About this exercise — The full set of lines below has to be duplicated exactly, with no picture kept.

Supplied data —

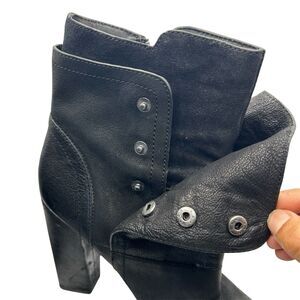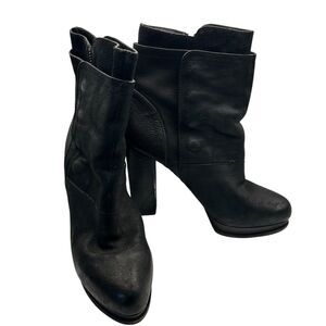 Vera Wang Black Marilyn Platform Booties Leather Chunky Boots Biker Size 8.5 M
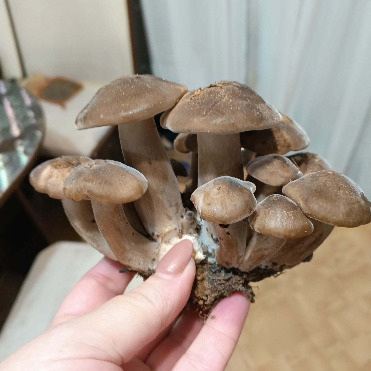 Описание гриба: Лес смешанный, цвет коричневый, шляпки сухие немного бархатные, ножки толстенькие, пластинки молочного цвета частые
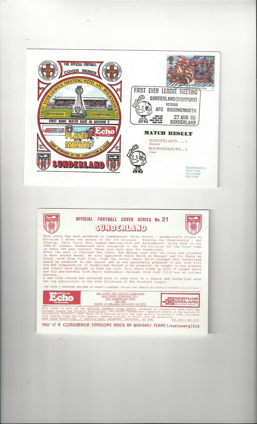Sunderland v Bournemouth Football First Day Cover + Insert 1988
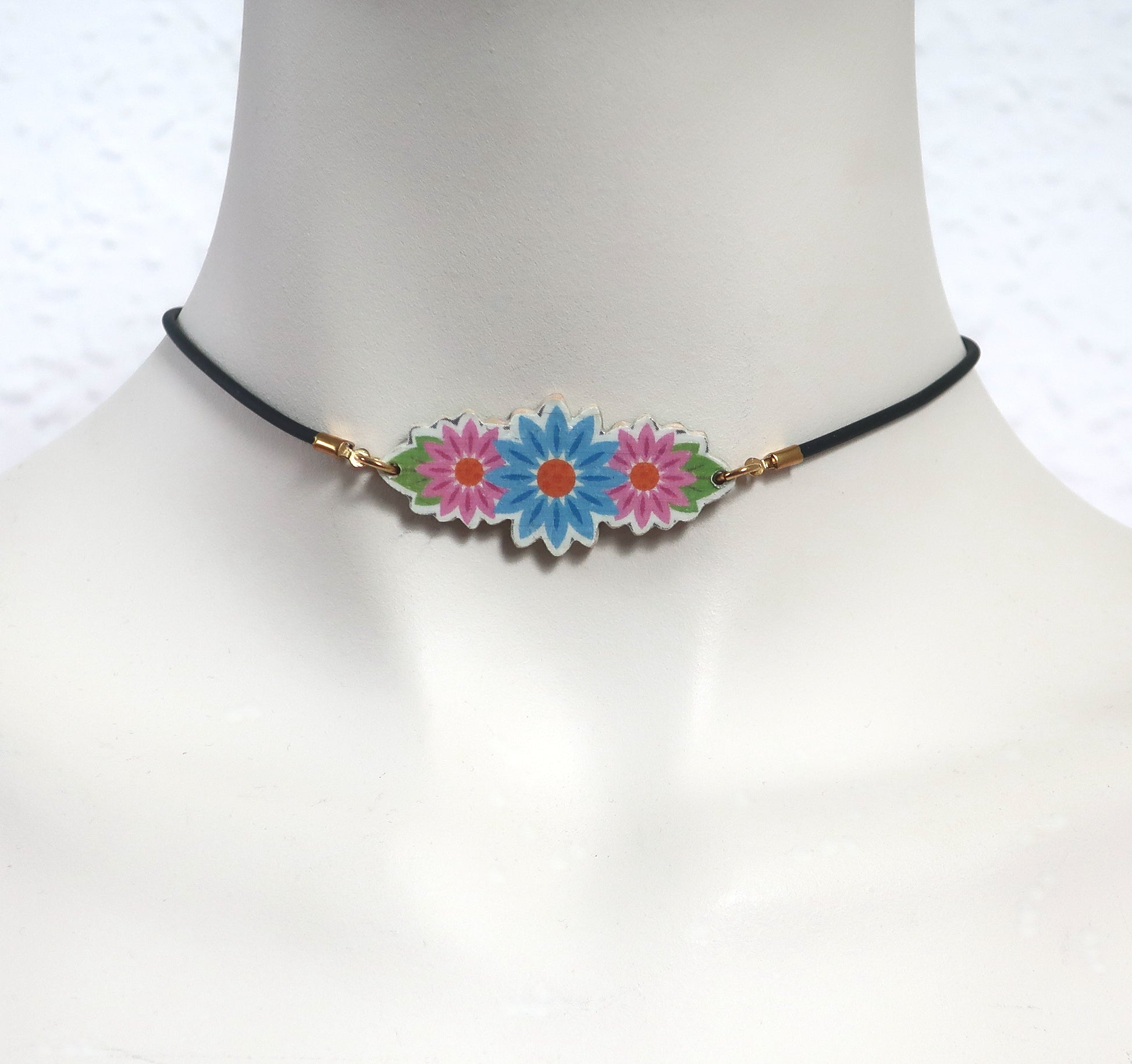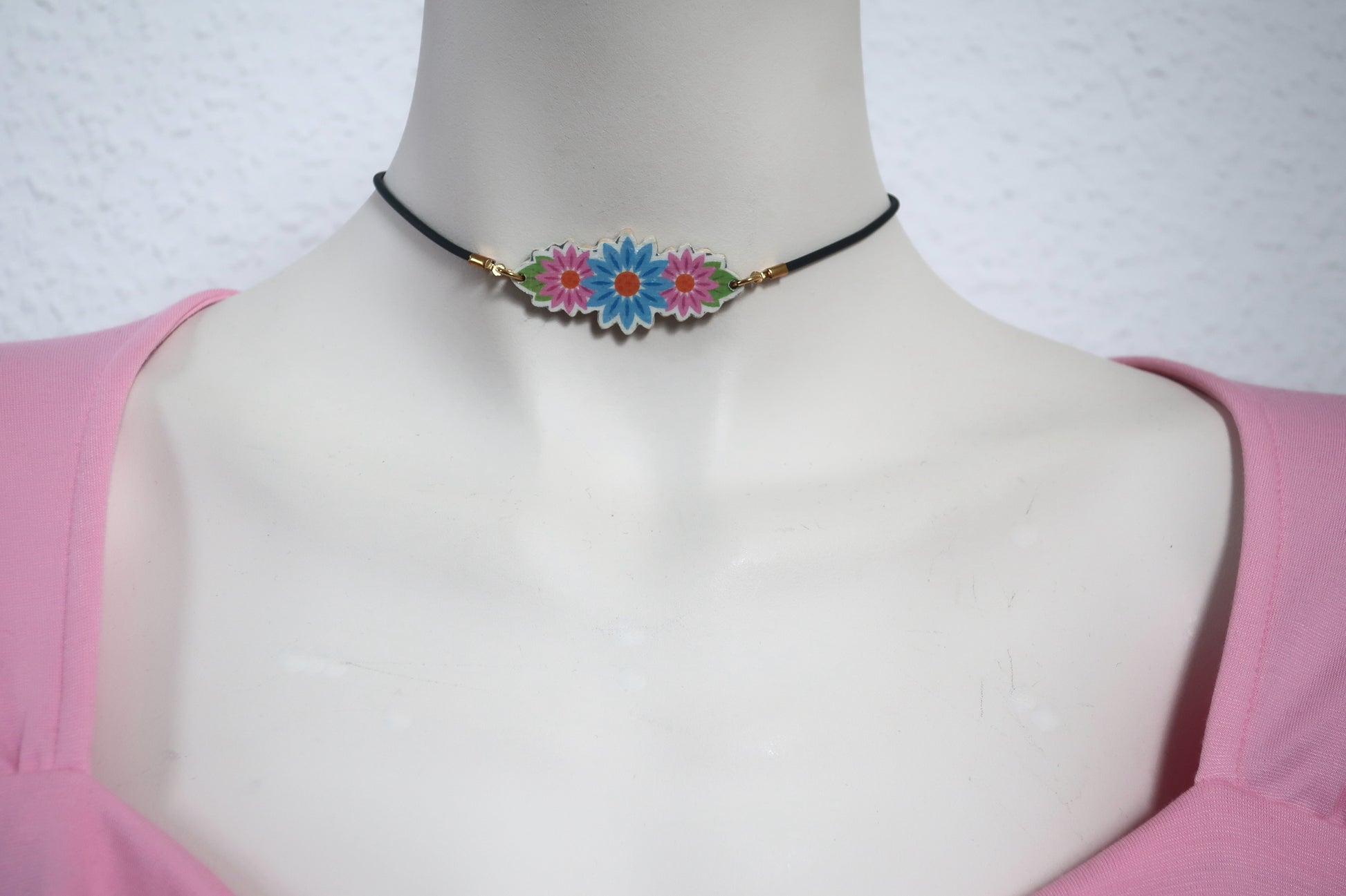Schwarzer Kautschukchoker mit Blumen-Charm

Output of the exercise —
 Vera Wang Black Marilyn Platform Booties Leather Chunky Boots Biker Size 8.5 M
 Описание гриба: Лес смешанный, цвет коричневый, шляпки сухие немного бархатные, ножки толстенькие, пластинки молочного цвета частые
Sunderland v Bournemouth Football First Day Cover + Insert 1988
Schwarzer Kautschukchoker mit Blumen-Charm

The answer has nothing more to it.